The dream of secure, generic and easy to use smart-wallets has been around since the creation of Ethereum. Smart-wallets are savings accounts that let the owner restrict the allowed operations by means of contract code logic, in order to protect the user from mistakes, coercion, hacks, lost private keys, and other operational risks. This is indeed the direction that the cryptocurrency ecosystem is moving. With the advent of the CREATE2 opcode, it’s possible to use counterfactual contracts to receive tokens and spend them, without having to deal with native currency. Some mobile wallets like Argent and Gnosis Safe already use smart-wallets underneath. Under this model, the user wallet is split in two: one Externally Owned Account (EOA) to store native currency (RBTC for RSK and Ether for Ethereum) and a wallet contract that stores tokens (eventually also native currency) and embeds additional rules to enhance the security of the wallet. The idea to achieve meta-transactions under this model is that the wallet contract is counterfactually created. It can receive tokens and only when there is a need to spend them the client decides either to issue a transaction from the EOA having native currency to pay for gas or, if it doesn’t have it, to use the meta-transaction system. To enable meta-transactions, the wallet contract is created supporting a method execute() that is capable of receiving a transactional payload signed by the user, which gets executed in the context of the wallet contract after both signature and replay protection mechanisms are checked. Later we’ll see that this functionality is essentially what is provided by the Gas Station Network’s Forwarder contract.

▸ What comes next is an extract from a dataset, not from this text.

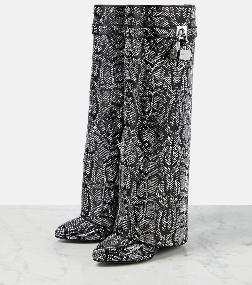 Upper: fabric. Lining: fabric. Sole: leather insole and sole. Toe shape: almond toe. Made in Italy. Includes: shoe box, dust bags. Designer color name: Grey/Natural. Hardware color: silver. Shop the latest Givenchy High-Heel Boots for women now.
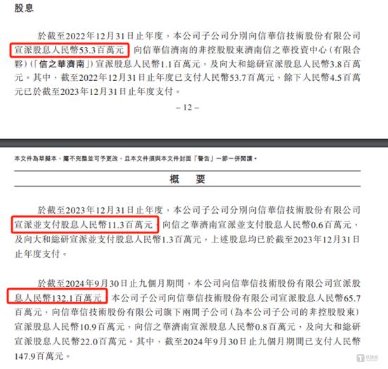 需要说明的是,信华信从日本地区赚到的钱,却在IPO申报前夕大举分给了股东。报告期内,信华信现金分红的金额分别为5330万元、1130万元、14790万元,合计为21250万元,而该时间段内,信华信合计赚到的利润为57272.7万元,这也意味着,近两年零九个月,信华信将公司赚到近40%的利润全部分给了股东,特别是2024年前三季度,信华信不仅将这年前9个月赚到的钱分给了股东,反而还倒贴了2700多万元。那么,为何信华信要在IPO前夕大举分红?以及大举分红后,为何又要港股IPO募资?

This approach has the huge benefit that it doesn’t require any consensus change. The main problems of this approach are:

The dual model and counterfactual creation of wallet contracts complicate the life of wallet developers.
In the simplest implementation, users must manage two different addresses, one for storing native currency and another for storing tokens.
There is a moderate initial cost to deploy the contract counterfactually (about 70K gas with highly optimized code).

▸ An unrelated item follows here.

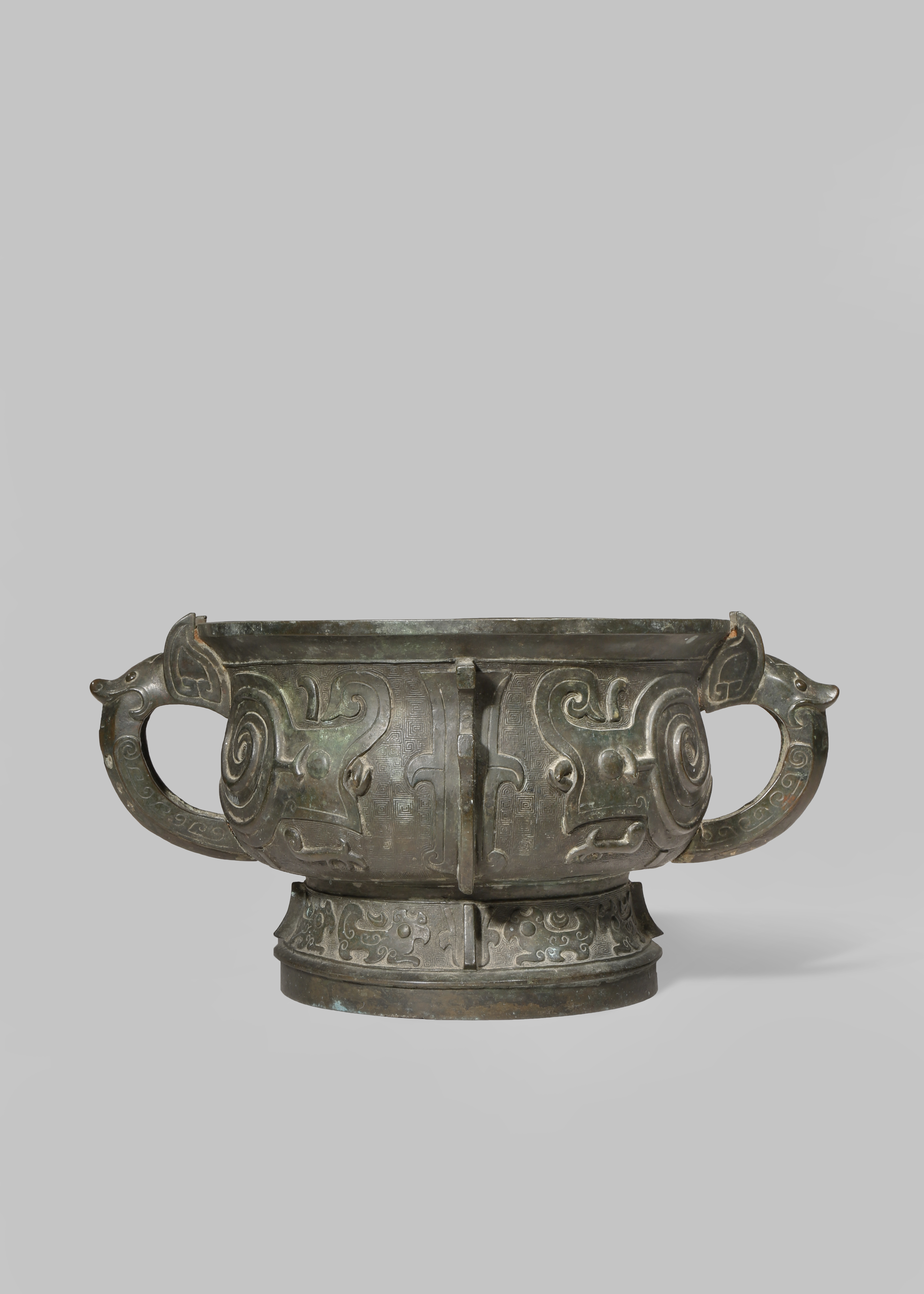 A CHINESE BRONZE ARCHAISTIC FOOD VESSEL GUI QING DYNASTY The bombé-shaped body with two...

Account + Contract unification (EOC)

Smart-wallets is something that has been advertised since 2016 to be “around the corner” by the Ethereum community. Therefore we might analyze why the revolution of smart-wallets was delayed for 4 years. It seems that the inexistence of counterfactual contract creation prior February 2019 (the Constantinople hard-fork) may have been one reason. But still another reason might be that the dual model (an EOA to hold some amount of RBTC/Ether to pay fees and a wallet contract to hold the rest), is inherently difficult for wallets to implement safely and for users to understand. So maybe a simplified native smart-wallets model is the catalyzer the ecosystem needs for the paradigm shift.

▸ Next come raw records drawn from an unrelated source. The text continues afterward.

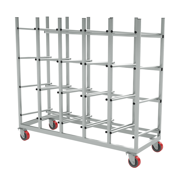 - На стеллаж установлены большегрузные полиуретановые колеса с тормозом в комплекте; диаметр: 130 мм.
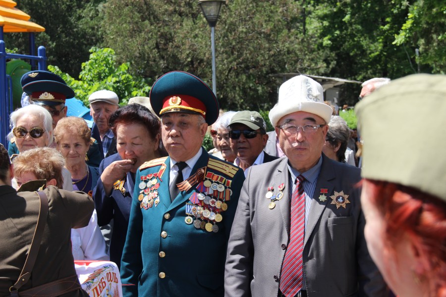 Тем временем возле здания Министерства иностранных дел КР собралась колонна из участников автопробега. Автомобили заполонили целую улицу: малогабаритные иномарки стояли рядом с большими внедорожниками, грузовики соседствовали с микроавтобусами — каких машин только не было! Большинство из них были украшены флагами и ленточками, а некоторые полностью тюнингованы в соответствии с тематикой праздника. Крыши нескольких авто были «увенчаны» «башнями» танка. Повсюду царила праздничная атмосфера. Несмотря на большое количество людей, было видно, что все присутствующие хорошо знают друг друга. Они казались огромной автомобильной семьей, которая собралась воедино с одной целью — почтить память ветеранов, отдавших свои жизни во имя светлого будущего.
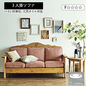 かわいいチェック柄の3人掛ソファ 【サイズ(cm)】幅185×奥行85×高さ96/座面の高さ42。 【仕様】パイン材無垢 オイル塗装 組立品。どこか懐かしいデザインのカントリー調家具。使い込むほどに愛...
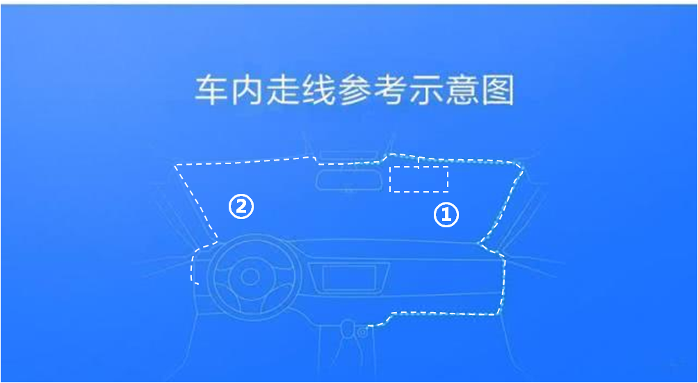 建议安装在汽车副驾驶的前方,就是下图中虚线框的位置,找到合适位置后清洁表面,然后黏贴静电贴,安装后非常牢固,使劲拽都很难拿下来。如果仅安装记录仪按照下图中①进行车内走线,如果搭配4G停车监控线,可以参考下图②进行走线。
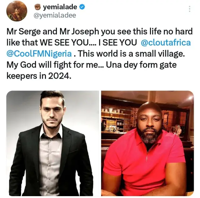 ”Mr Serge and Mr Joseph you see this life no hard like that WE SEE YOU…. I SEE YOU @cloutafrica @CoolFMNigeria. This world is a small village. My God will fight for me… Una dey form gate keepers in 2024.

The simplest possible implementation for smart-wallets is using Externally Owned Contracts (EOCs). EOCs combine contract code with Externally Owned Accounts (EOAs). EOCs have the ability to execute commands sent to them, and also perform calls from transactions that originate from the EOC address using a standard ECDSA private key and signature. Most contracts in RSK/Ethereum are EOCs, but controlled by an unknown private key, but because it is infeasible to find the matching private key, for all practical purposes externally owned accounts (EOAs) and contracts work as separate entities over the same address space. EOCs are related to the concept of Account Abstraction (or AA), but these two concepts are different. EOCs do not abstract the signature verification logic for transactions originating from the EOC address, nor it allows this logic to be extended or removed. AA goes one step further by removing the concept of signed transactions from the consensus layer. Both may enable meta-transactions, but AA also has to deal directly with a new logic to govern the mempool, preventing DoS attacks, and to provide replay protection for transactions. One of the first goals of Vitalik was to come up with an AA proposal that would be compatible with Ethereum 1.0, but the set of changes required seems to be too large, and the risk too high, to attempt a migration. Ethereum 2.0 will try to revert this flaw, and the official Ethereum 2.0 documentation states:

“Ethereum account abstraction has the goal of reducing from two account types down to one, a contract account. The single account type will have the functionality to transact both coin and contract. Developer and user will no longer need to make a distinction between account type since transacting will be moved fully into the EVM and off of the blockchain protocol.”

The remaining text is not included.